When his children were young, Victor Goldbloom would get home long after they had gone to bed and gently nudge them to see if they would wake. If they did, he would listen carefully to how their days had gone and then regale them with tales of his own. In a sense, it was a distillation of what drove him all his life in public and in private: to communicate as a pediatrician, as a politician, as a community leader, husband and father, and, as the title of his recently published autobiography Building Bridges indicates, as a conciliator.

"Dad could turn anything into a riveting story," said his daughter, Susan Restler. "Once, he woke me up and told me about a beef Wellington he'd had at the Beaver Club. It was as if I was there. My mouth watered at the description of the beef, the mushrooms and the puff pastry."

Jonathan Goldbloom, the younger of his two sons, recalls wondering why his father spent so much time on the phone with his patients, often repeating himself.

"It's because I want to make sure they understand my instructions," the father replied.
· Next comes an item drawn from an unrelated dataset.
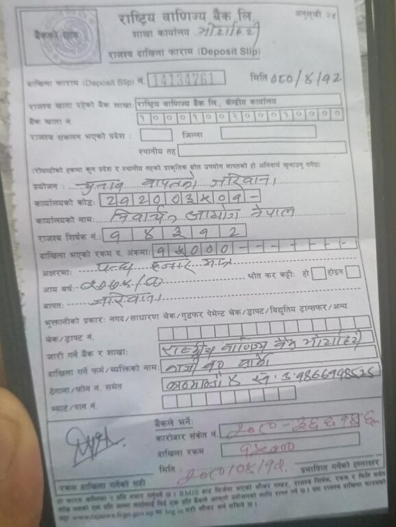 काजिबहादुर कार्कीले खर्च बुझाएको प्रमाण

Ditto for his habit of making house calls, something few doctors ever do: He felt that if he could see how his patients' families lived, he'd have a better understanding of the situation.

"He was so respected, when the Concordia riot happened in 1969, three of his former patients called to ask him how they should tell their parents they were involved," his son said, referring to the student occupation of the computer lab in what was then known as Sir George Williams University in response to the institution's bungling of racism allegations against a professor.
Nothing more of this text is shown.